Comparé à ces autres titres, Coup de cœur se distingue par son attrait sain, la façon dont il refuse de laisser le mélodrame dominer la teneur de sa narration. Voici un monde réconfortant précisément parce que ses bords déchiquetés ont été poncés, pour mieux protéger les personnages et les spectateurs. Il y a, bien sûr, des moments où Charlie et Nick sont confrontés à des défis (des intimidateurs dans une salle de cinéma, la perspective d’une mère aux prises avec un discours de coming-out), mais ils sont tous étonnamment et rafraîchissants sans conséquence. La vision pleine d’espoir du spectacle, mieux illustrée par les cœurs et les feuilles de dessin animé qui rappellent visuellement le roman graphique d’Oseman, évite le traumatisme si souvent centré sur et dans les histoires queer. Dans un sens, Coup de cœur se sent d’une pièce avec le monde coloré de David Rose dans lequel Dan Levy a imaginé Ruisseau de Schitt, où sa romance gay centrale semblait exister dans une société dépourvue des défis habituels auxquels sont confrontés les couples homosexuels réels. Mais là où cette série primée aux Emmy Awards a ouvert une voie carrément ancrée au présent, Coup de cœur a le sentiment du subjonctif : Voici un spectacle de lycée truffé de possibilités pleines d’espoir. Ses récits nous demandent littéralement de repenser à nos propres expériences et de les colorer avec une sensibilité mélancolique.

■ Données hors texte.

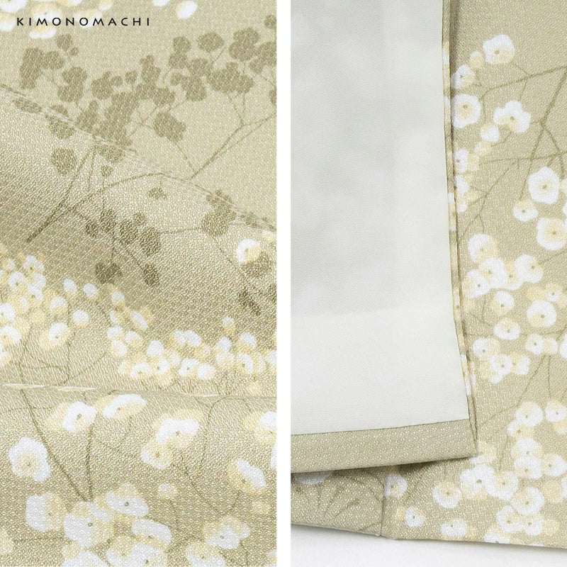 二尺袖着物:浅い緑みのベージュの地に灰黄緑色の破れ青海波が表現されています。白い花に灰黄緑の茎のカスミソウに灰黄緑のシルエットを添えたデザイン。落ち着いた優しい色合いが大人の可愛らしさを感じさせます。裏はオフホワイト。

Comme un membre fantôme, cette nostalgie semble familière à ceux d’entre nous qui ne l’ont jamais eu parce que les tropes Coup de cœur joue avec (et seulement légèrement peaufiné) ne sont pas seulement usés mais usés à ce stade. Meet-cutes en classe. Des accrochages malheureux dans le couloir. Excuses sous la pluie. Bisous au parc. Pour les milléniaux de la classe (l’auteur de cette pièce inclus) – et même les téléspectateurs éloignés de plusieurs décennies des couloirs bordés de casiers – l’histoire d’Oseman nous incite à regarder en arrière pour un temps que nous n’avions pas mais que nous pouvons maintenant imaginer pour les autres et même pour nous-mêmes. Voici la nostalgie comme véhicule de guérison.

C’est là que réside l’attrait de gay YA pour ceux d’entre nous qui sont carrément en dehors du surnom de « jeune adulte ». Il propose des modèles pour ce qui aurait pu être, oui. Mais dans cette nostalgie fantôme il y a aussi un plaidoyer caché pour l’avenir ces histoires peut aider à construire. Tout comme nous nous forçons à nous demander comment notre adolescence aurait été changée en ayant un Nick et Charlie à nous, Coup de cœur présente des visions pour ce qui reste à venir, un monde où ces relations ne sont pas des valeurs aberrantes. Ils sont la norme. La série est un baume précisément parce qu’elle nous apaise dans sa salubrité, nous suppliant de (ne pas oublier mais) de mettre de côté notre traumatisme et de nous délecter de cette joyeuse bulle d’un monde, et peut-être de l’emporter avec nous dans notre vie quotidienne.